In our Brazilian study population, the age profile for
S. mansoni egg counts features a characteristic peak in infection intensity at 15 years, which represents acquisition of natural immunity to infection in adolescence shown previously.
[11] For tIgE levels, a different pattern was observed and mean values were highest among young children aged 6–9 years, and then declined with increasing age. We therefore performed association analyses across SNPs on subsets of independent individuals from the full study population comprising children under 15 years and individuals over 15 years of age. No differences in evidence for association were observed in the two subsets (data not shown).
Thus, evaluating our data in the context of the literature suggests IL-13 acts most strongly on TH2 pathway effector mechanisms (as reflected in statistical associations with S. mansoni egg counts) rather than on TH2 pathway activation (as reflected by lack of association with tIgE levels). It is also possible IL-13 acts during only early TH2 activation in an antigen-specific manner, but IgE levels specific against schistosomiasis antigens were not available in this Brazilian study.
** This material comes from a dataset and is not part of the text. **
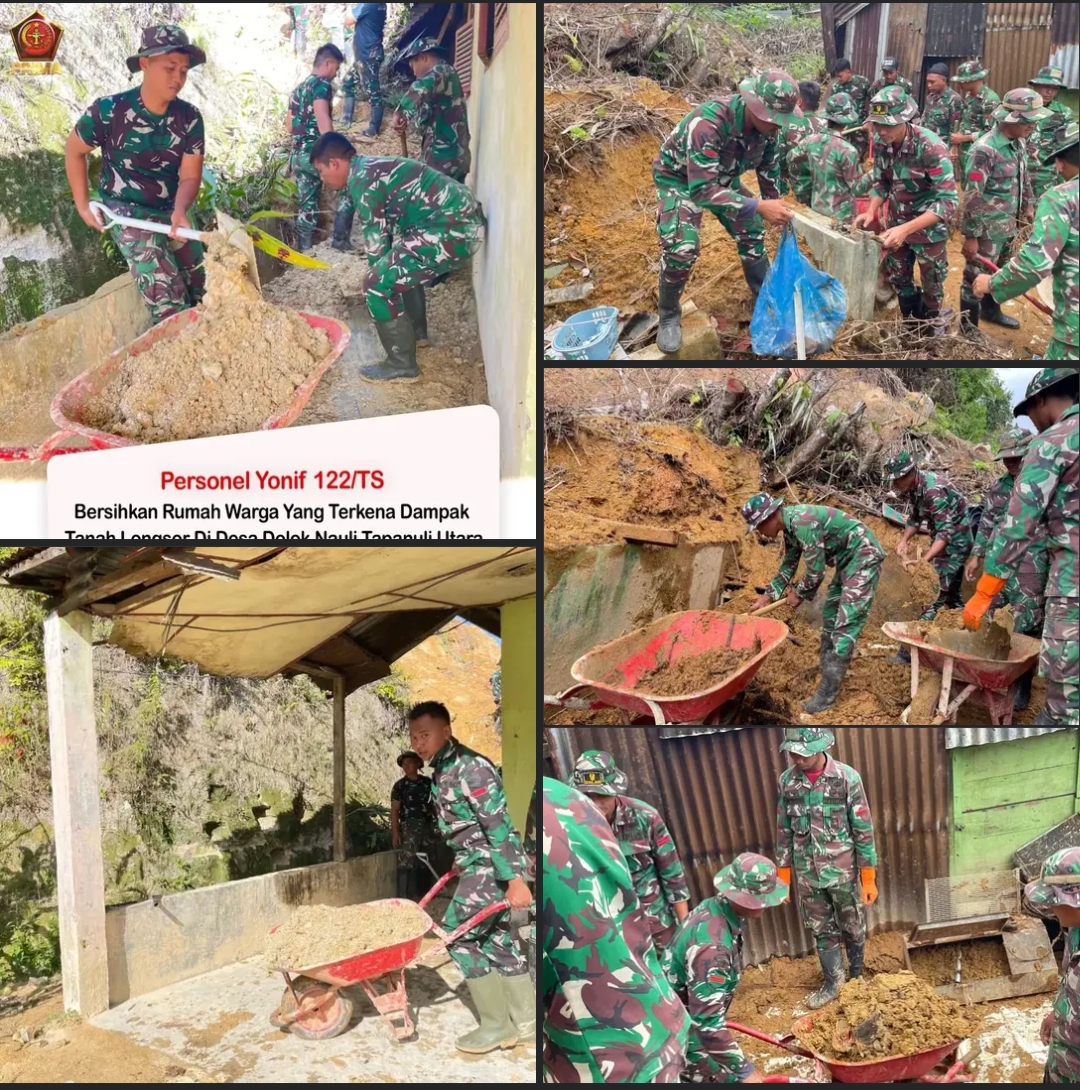 Satgas Gulbencal Yonif 122/TS Gotong Royong Bersihkan Rumah Warga Terdampak Longsor di Tapanuli Utara

The two quantitative traits, tIgE levels, representing TH2 pathway activation, and S. mansoni egg counts, reflecting global impact of TH2 effector mechanisms and helminthic host immunity, provided a unique opportunity for genetic dissection of the TH2 pathway in the context of schistosomiasis endemicity. In summary, we have found significant associations between two well-known functional variants and S. mansoni egg counts, and a striking lack of association with tIgE levels. Since the functional effect of both variants on the gene product, IL-13, is to increase its amount or activity, this finding suggests IL-13 functions to increase anti-helminth immunity, and functional variants may be an evolutionary vestige of selective forces that result in atopic phenotypes in modern, industrialized settings. Our evaluation of IL13 variation has demonstrated TH2 pathway genes shown to carry variants that impact on atopic disease are good candidates to evaluate determinants of host immunity to helminthic infections. Moreover, genetic association studies in schistosomiasis-endemic populations allow further fine dissection of the TH2 pathway and its role in disease, both helminthic and atopic.